I am trying to use the make.sra command in order to submit the necessary files to NCBI. I am running into an issue because practically all the sequences wind up in the scrap document.
Here is the basic path I followed. I sequenced using Illumina MiSeq and combined the forward and reverse reads (that were in two fastq files) using make.contigs. I combined the resulting fasta and qual files for the reads back into a fastq file using make.fastq. I made an oligo file with the barcodes and the subset of samples that I wanted in the final file. Then I created a mimark file (.tsv) using that oligo file using the make.mimark command and then went in and put in the necessary information. Finally, I created a project file (.project) and put in the necessary information for that. Then I used those four files in the make.sra command.
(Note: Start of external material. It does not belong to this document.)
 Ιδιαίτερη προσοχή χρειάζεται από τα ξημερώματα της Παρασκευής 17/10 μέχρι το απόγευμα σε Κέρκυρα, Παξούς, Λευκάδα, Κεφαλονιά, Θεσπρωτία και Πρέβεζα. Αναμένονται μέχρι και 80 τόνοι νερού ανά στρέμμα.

I am not sure which part is causing the confusion or if I have used an incorrect file type. Any advice would be greatly appreciated.
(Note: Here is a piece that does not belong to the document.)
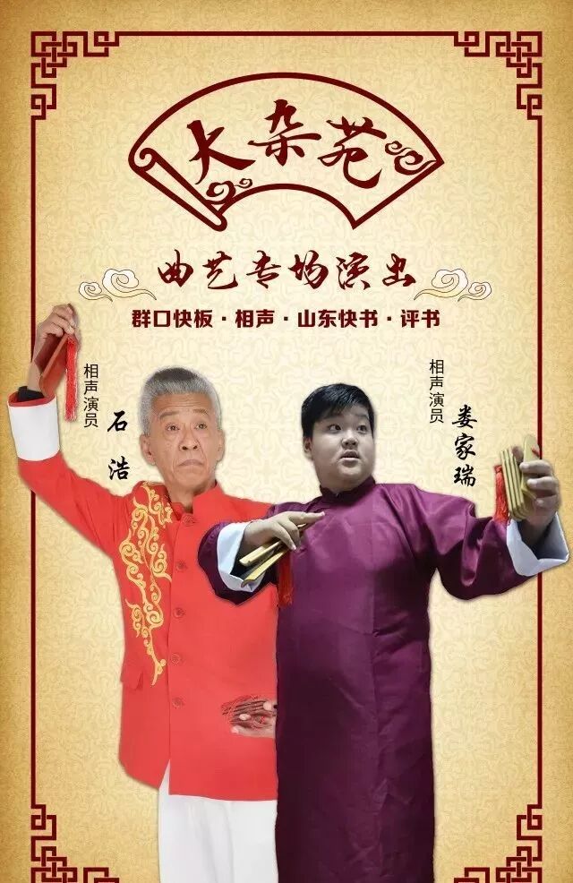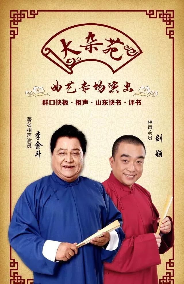 《大杂苑》曲艺专场演出,内容包含相声、快板、山东快书、评书、东北大鼓等各种丰富的曲艺形式。

There is a comment about the quality scores output by make.contigs at the bottom of the corresponding wiki page. If I understand it well, it’s not correct to re-make a fastq file from them.
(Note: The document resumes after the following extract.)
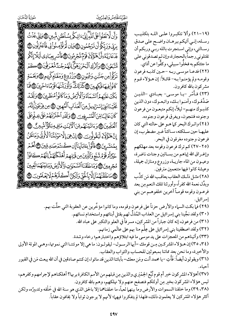 وألا تتكبروا على الله بتكذيب رسله، إني آتيكم ببرهان واضح على صدق رسالتي، وإني استجرت بالله ربي وربكم أن تقتلوني رجمًا بالحجارة، وإن لم تصدقوني على ما جئتكم به فخلُّوا سبيلي، وكفُّوا عن أذاي.
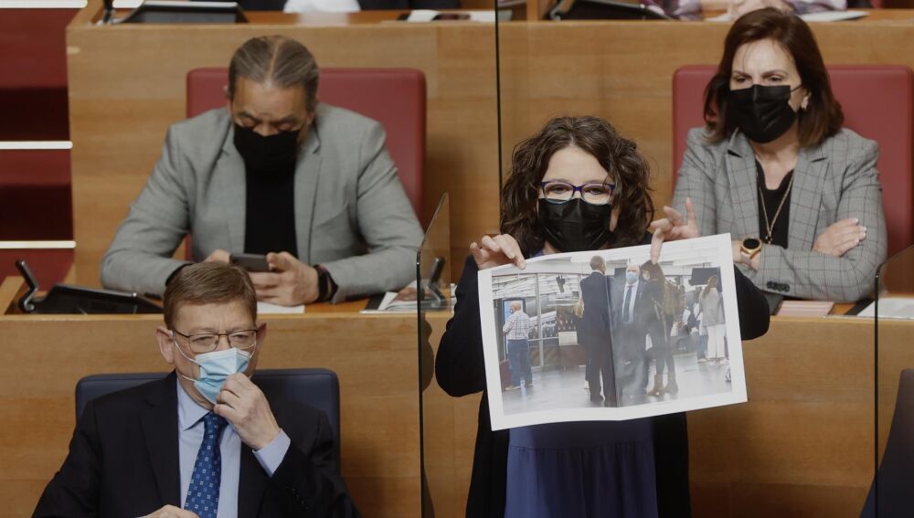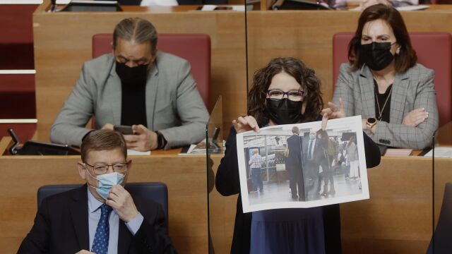 Desde su escaño, Oltra ha enseñado una fotografía en la que aparecen el ex president de la Generalitat con el PP, Francisco Camps, la ex representante de VOX, Cristina Seguí, y Alberto De Rosa, de Ribera Salud. “Unan los puntos”, ha apuntado, tras narrar supuestos intereses en común entre estas tres personas para “hacer daño” al gobierno del Botànic a través de la justicia.

Thanks for your reply. Then how do I input a fastq file?
Unfortunately, I don’t know… I am trying to prepare a dataset to submit to the SRA and I can’t figure out how to do it… I got the metadata file OK, but for the sequence file itself I’m stuck.
You are correct the quality scores outputted by the make.contigs command cannot be used to create a new fastq file. The make.sra file is expecting the fastq files you inputted into make.contigs. Have you tried that?
I see. I guess my question now is how I go about separating out the fastq files that I put into make.contigs. I have a couple of projects that I sequenced all at once and I needed to sort through them by the barcodes.
Thanks for your response.
Sarah’s answer to my post should help you How to prepare data for SRA submission? You need to prepare the list of sequences to exclude (.bad.accnos) from your fastq files and use remove.seqs to delete them from your fastq files (with the parameter accnos=.bad.accnos). remove.seqs will output a *.pick.fastq that you can use with make.sra and submit to SRA.
But I think that only removes certain sequences. I want to remove entire groups when they aren’t in their groups yet.
To remove entire groups in make.contigs or make.sra, set the group name to ‘ignore’ in the oligos file.
Thanks. That helps me to sort out how to remove groups.
So now I have a file that lists my forward fastq file, my reverse fastq file, the fastq index file (that shows what barcodes go with what sequence), and then states ‘NONE’; I have an oligo file that says ‘barcode’, then the sequence for that barcode, and then either says ‘ignore’ or the group name; I have a project file; and finally I have the mimark .txt file.
However, when I try to run it says ‘[ERROR]; Could not open’ over and over and everything winds up in the scrap folder. I am worried that this is because of the file that lists my various fastq files. I only have 1 line and I am not sure this is correct.
Thanks again for your help thus far.